* _Study material_:
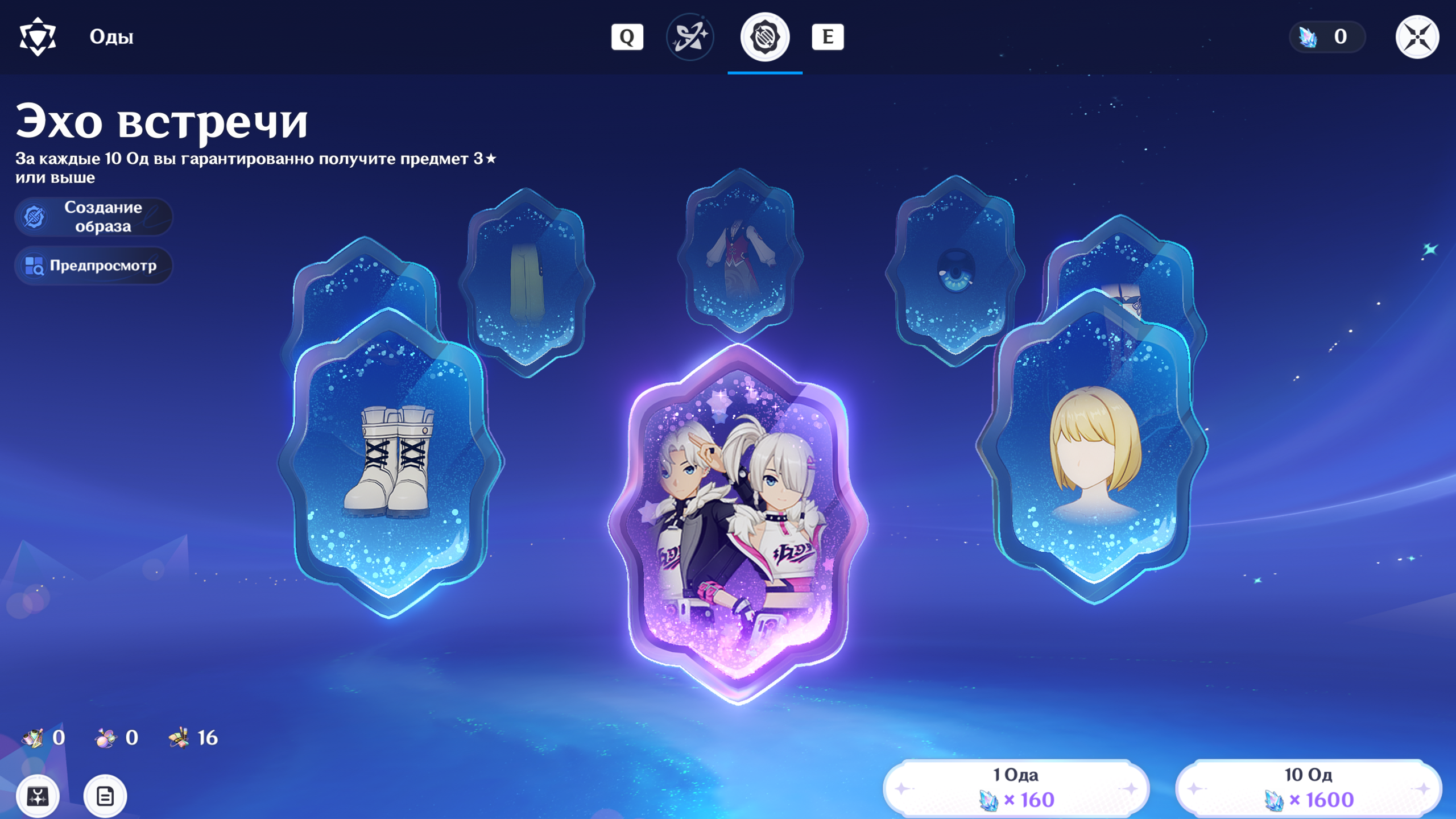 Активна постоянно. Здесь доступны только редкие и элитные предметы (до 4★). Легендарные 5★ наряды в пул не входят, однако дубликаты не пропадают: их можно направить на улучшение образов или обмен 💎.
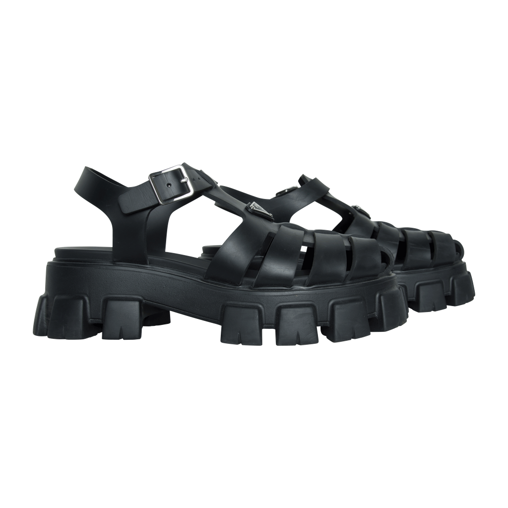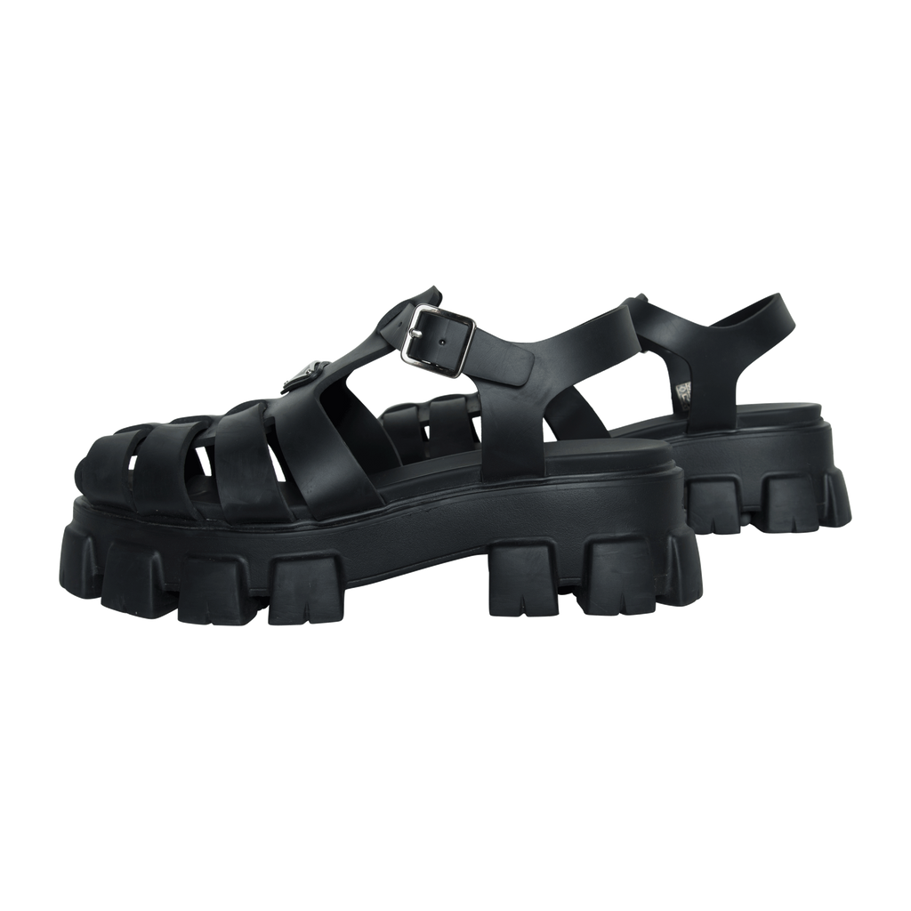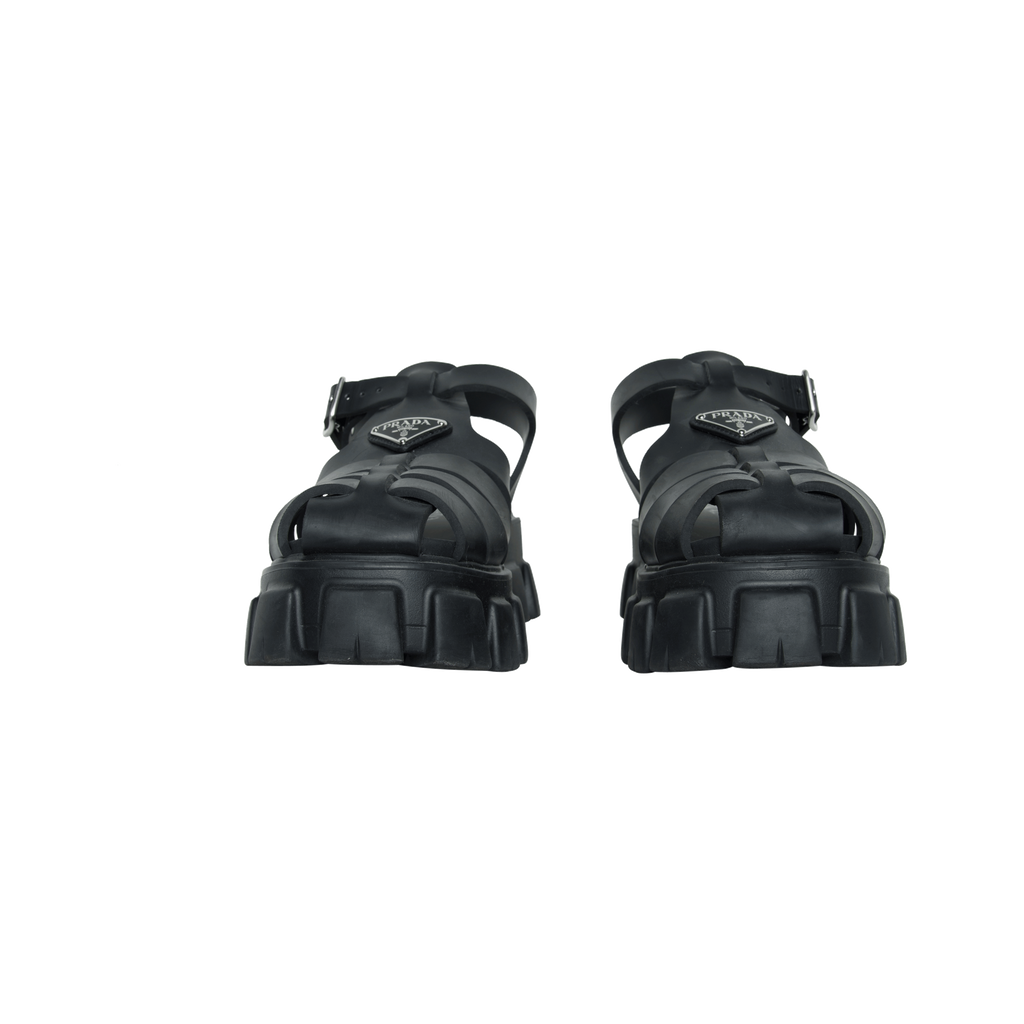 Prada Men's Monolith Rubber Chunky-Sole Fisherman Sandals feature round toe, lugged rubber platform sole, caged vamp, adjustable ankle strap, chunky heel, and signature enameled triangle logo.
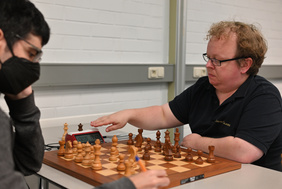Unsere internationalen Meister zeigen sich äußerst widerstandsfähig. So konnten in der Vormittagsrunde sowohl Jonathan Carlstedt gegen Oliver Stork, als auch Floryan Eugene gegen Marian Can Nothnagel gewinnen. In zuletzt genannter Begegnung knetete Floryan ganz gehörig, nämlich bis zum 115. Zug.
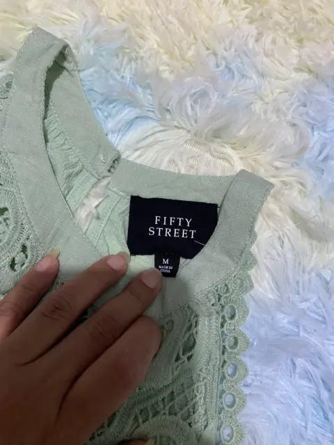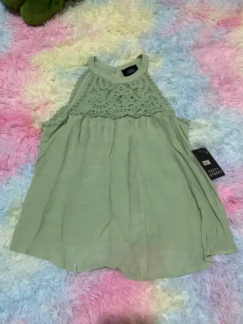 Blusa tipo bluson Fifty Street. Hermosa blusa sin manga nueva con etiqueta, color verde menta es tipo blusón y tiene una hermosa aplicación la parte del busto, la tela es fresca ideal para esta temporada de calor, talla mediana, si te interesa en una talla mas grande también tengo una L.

* * *

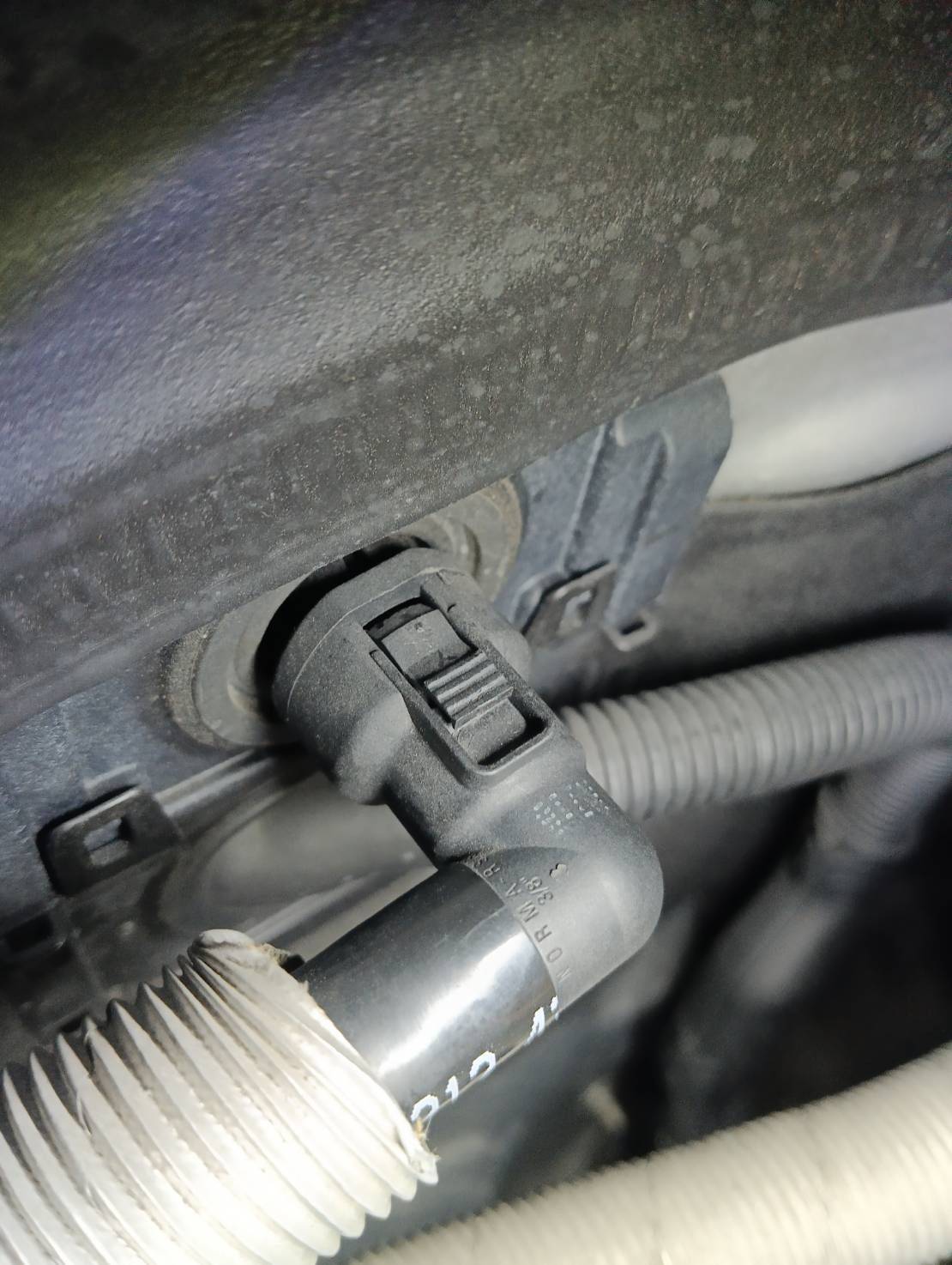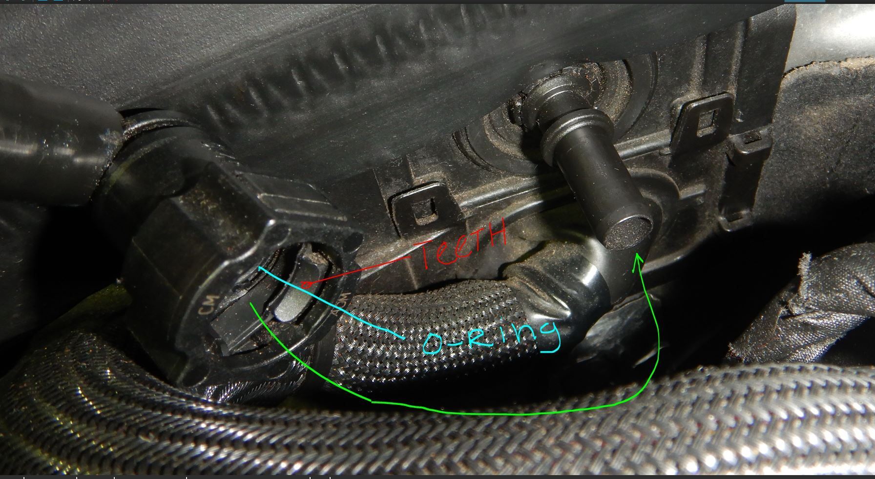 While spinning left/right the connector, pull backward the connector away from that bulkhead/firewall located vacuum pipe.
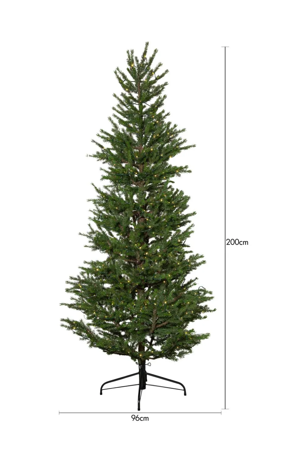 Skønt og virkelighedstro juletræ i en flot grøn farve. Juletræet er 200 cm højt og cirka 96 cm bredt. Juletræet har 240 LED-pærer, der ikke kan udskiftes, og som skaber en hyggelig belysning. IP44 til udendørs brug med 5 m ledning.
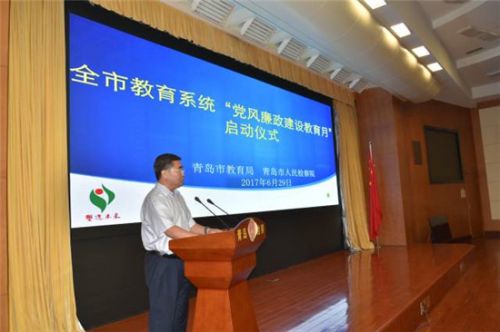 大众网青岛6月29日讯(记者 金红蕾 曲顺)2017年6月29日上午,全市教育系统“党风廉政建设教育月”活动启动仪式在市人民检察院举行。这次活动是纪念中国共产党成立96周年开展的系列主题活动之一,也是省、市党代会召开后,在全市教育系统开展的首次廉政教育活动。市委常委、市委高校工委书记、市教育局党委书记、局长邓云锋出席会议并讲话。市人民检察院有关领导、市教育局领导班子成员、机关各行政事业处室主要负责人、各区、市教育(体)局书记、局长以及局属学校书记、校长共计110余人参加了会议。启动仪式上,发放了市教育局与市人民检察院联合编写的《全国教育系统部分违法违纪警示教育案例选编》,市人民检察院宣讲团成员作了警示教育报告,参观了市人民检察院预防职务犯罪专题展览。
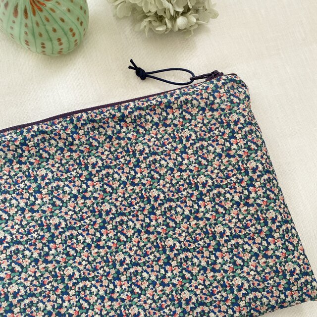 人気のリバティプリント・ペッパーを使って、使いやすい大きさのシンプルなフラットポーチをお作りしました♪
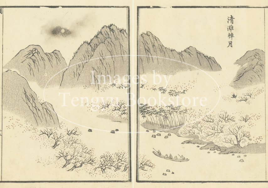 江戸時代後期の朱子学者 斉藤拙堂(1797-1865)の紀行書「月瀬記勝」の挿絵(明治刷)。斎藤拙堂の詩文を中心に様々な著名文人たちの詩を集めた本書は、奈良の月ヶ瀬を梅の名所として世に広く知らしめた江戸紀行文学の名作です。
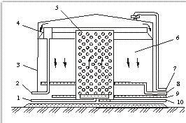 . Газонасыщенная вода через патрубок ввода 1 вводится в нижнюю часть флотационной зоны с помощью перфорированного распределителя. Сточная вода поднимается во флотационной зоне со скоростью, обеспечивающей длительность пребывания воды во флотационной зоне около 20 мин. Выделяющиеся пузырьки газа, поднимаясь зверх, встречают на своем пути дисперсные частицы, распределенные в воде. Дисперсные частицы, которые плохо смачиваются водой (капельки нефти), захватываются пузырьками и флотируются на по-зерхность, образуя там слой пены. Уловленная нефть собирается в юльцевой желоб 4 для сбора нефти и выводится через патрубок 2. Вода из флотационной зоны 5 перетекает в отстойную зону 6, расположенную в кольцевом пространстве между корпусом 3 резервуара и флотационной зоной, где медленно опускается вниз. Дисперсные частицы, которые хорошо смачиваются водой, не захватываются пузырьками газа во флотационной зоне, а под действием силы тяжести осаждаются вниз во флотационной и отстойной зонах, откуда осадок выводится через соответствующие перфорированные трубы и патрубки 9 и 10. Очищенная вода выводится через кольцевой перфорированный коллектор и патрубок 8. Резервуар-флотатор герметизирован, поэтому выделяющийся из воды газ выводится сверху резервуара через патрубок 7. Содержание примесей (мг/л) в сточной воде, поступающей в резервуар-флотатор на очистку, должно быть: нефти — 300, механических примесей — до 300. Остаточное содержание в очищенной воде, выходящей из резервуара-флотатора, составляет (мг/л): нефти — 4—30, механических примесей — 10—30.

* _What you are asked to do_: The lines above starting at the one that holds "Активна постоянно. Здесь" and ending at the one that holds "Blusa tipo bluson" are to be written out exactly, ends included, and no pictures are to be copied.

* _Answer area_:
 Активна постоянно. Здесь доступны только редкие и элитные предметы (до 4★). Легендарные 5★ наряды в пул не входят, однако дубликаты не пропадают: их можно направить на улучшение образов или обмен 💎.
 Prada Men's Monolith Rubber Chunky-Sole Fisherman Sandals feature round toe, lugged rubber platform sole, caged vamp, adjustable ankle strap, chunky heel, and signature enameled triangle logo.
Unsere internationalen Meister zeigen sich äußerst widerstandsfähig. So konnten in der Vormittagsrunde sowohl Jonathan Carlstedt gegen Oliver Stork, als auch Floryan Eugene gegen Marian Can Nothnagel gewinnen. In zuletzt genannter Begegnung knetete Floryan ganz gehörig, nämlich bis zum 115. Zug.
 Blusa tipo bluson Fifty Street. Hermosa blusa sin manga nueva con etiqueta, color verde menta es tipo blusón y tiene una hermosa aplicación la parte del busto, la tela es fresca ideal para esta temporada de calor, talla mediana, si te interesa en una talla mas grande también tengo una L.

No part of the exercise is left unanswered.